For more iOS-specific detail see Picture-in-Picture on iOS: implementation and peculiarities.
PiP for WebRTC calls: the hard mode
The most common PiP request in 2026 is “put the active speaker of a video meeting in PiP when the user opens another tab/app”. Every platform has a different answer.
Web. Either render the RTCVideoTrack into a <video> element fed by a MediaStream and use classic PiP, OR use Document PiP and move the entire call UI into a mini-window. The latter is strictly better for meetings because you keep controls.
Android. ExoPlayer-like PiP works for RTP only if you feed it via a custom SurfaceView. The cleaner path is running the call UI in a single Activity and flipping to PiP mode with setAutoEnterEnabled(true); the WebRTC SurfaceViewRenderer renders inside PiP just fine.
iOS. Use AVPictureInPictureVideoCallViewController (iOS 15+). Implement a AVPictureInPictureSampleBufferDisplayLayer and push CMSampleBuffers from the WebRTC video track. Budget 25–45 hours for a production-grade implementation. Our WebRTC architecture guide has the broader context.
Bringing PiP to a video-call app?
We have shipped PiP for WebRTC calls on iOS, Android and web. Skip the trial-and-error and get a working implementation in a sprint.

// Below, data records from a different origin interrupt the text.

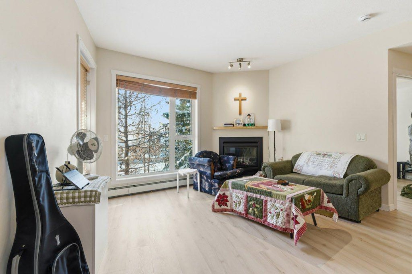 Welcome to West 69th in desirable Springbank Hill! This bright and well-maintained 2-bedroom, 2-bathroom condo offers 830 sq ft of comfortable single-level living with a functional open-concept layout. The spacious living room features a cozy gas fireplace and opens to a private balcony with BBQ gas line—perfect for relaxing or entertaining. The kitchen is equipped with quartz counters, ample cabinetry, and a full appliance package, while the primary bedroom includes a walk-in closet and 3-piece ensuite. Additional highlights include in-suite laundry, laminate flooring, and a no-smoking interior. This unit comes with two parking stalls (titled underground + leased) plus a separate assigned storage locker. Well-managed building with elevator access, secured parking, and visitor stalls. Condo fees include heat, gas, water, sewer, insurance, reserve fund contributions, and professional management. Excellent location close to parks, schools, shopping, walking paths, and transit. Great opportunity for homeowners or investors alike!
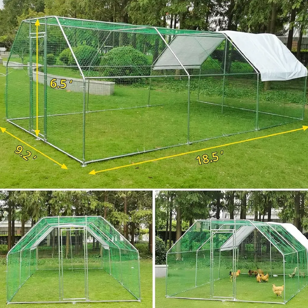 Waterproof Large Metal Chicken Coop For Outdoor Back Yard Farm - 18.5x9.2x6.5ft
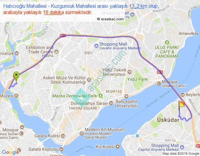 Halıcıoğlu Mahallesi - Kuzguncuk Mahallesi arası yaklaşık olarak 90 km/h ile yukarıda belirtilen sürede olup, iki yerin kuş uçuşu uzaklığı (mesafesi) 8'dir. Yolculuk otobüsle 20 dakika sürmektedir.
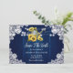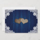 Casamento floral rústico azul marinho, exceto o cartão de data que contém uma lata de rega e girassóis contra um fundo de madeira de celeiro adornado com rendas florais brancas e luzes de cordas. Design de cartão perfeito para complementar o seu marinho azul de país rústico, quintal, jardim ou festa de casamento de celeiro inspirado nos girassóis.
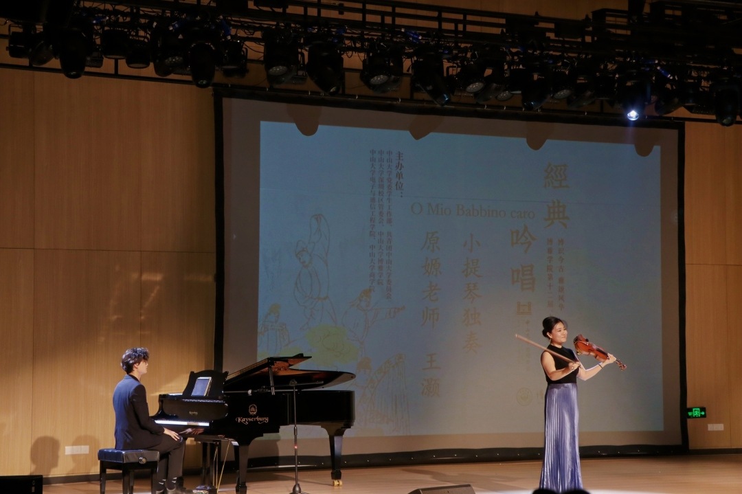 从西周、春秋的雅风共鸣,古希腊、古罗马的繁华与哀愁,到中国唐宋时期的磅礴,欧洲中世纪的曙光,再到明清、文艺复兴时期的百花齐放,悠扬的旋律与古老的诗篇交织成一幅生动的文化画卷……近日,“博识今古 雅颂风华”第十二届博雅学院“古典月·经典吟唱”晚会在中山大学深圳校区举行。中西文明不同时期的经典之作在舞台上精彩呈现,吸引了三校区五校园文理医工艺多学科师生参与、欣赏。

PiP in React Native, Flutter, and hybrid stacks
React Native. react-native-pip-android, react-native-pip, and the react-native-video built-in PiP prop. For WebRTC, react-native-webrtc + a custom bridge to AVPictureInPictureVideoCallViewController on iOS and the standard Activity PiP on Android.
Flutter. floating and simple_pip_mode wrap Android PiP cleanly; iOS requires a platform channel to AVPictureInPictureController. Flutter-WebRTC PiP is feasible but expect 2–3 extra days for iOS glue.
Capacitor / Cordova / web wrapper hybrids. Web PiP just works; for native PiP you need a small native plugin per platform.
UX rules that make PiP actually useful
1. Opt-in for auto-PiP. Unsolicited PiP on tab switch feels like spyware. Show a setting, default off.
2. A single PiP button, where users already look. On video players, bottom-right next to fullscreen. Do not reinvent.
3. Keep controls inside PiP. Play/pause, seek, skip-next, mute. On web use mediaSession; on iOS/Android the system chrome handles it automatically.
4. Restore state when PiP ends. Seek position, playing/paused, volume, mute, fullscreen — all should round-trip.
5. Respect DRM / ads. Disable PiP on unskippable ads and DRM-forbidden windows; set disablePictureInPicture.
6. Accessibility. The PiP toggle button needs a proper aria-label, keyboard shortcut (P is common), and a visible focus ring.
Tooling and libraries we reach for
Web players with built-in PiP. Video.js, Shaka Player, HLS.js, Bitmovin Player, THEOplayer, JW Player. All support classic PiP out of the box; Bitmovin and THEOplayer lead on Document PiP integration.
Android. AndroidX Media3 (ExoPlayer) plus a 20-line PictureInPictureParams builder. For WebRTC, the official org.webrtc:google-webrtc SurfaceViewRenderer.
iOS. AVKit, AVFoundation, AVPictureInPictureVideoCallViewController (iOS 15+), AVPictureInPictureSampleBufferDisplayLayer. Third-party: MobileVLCKit, SwiftAudio.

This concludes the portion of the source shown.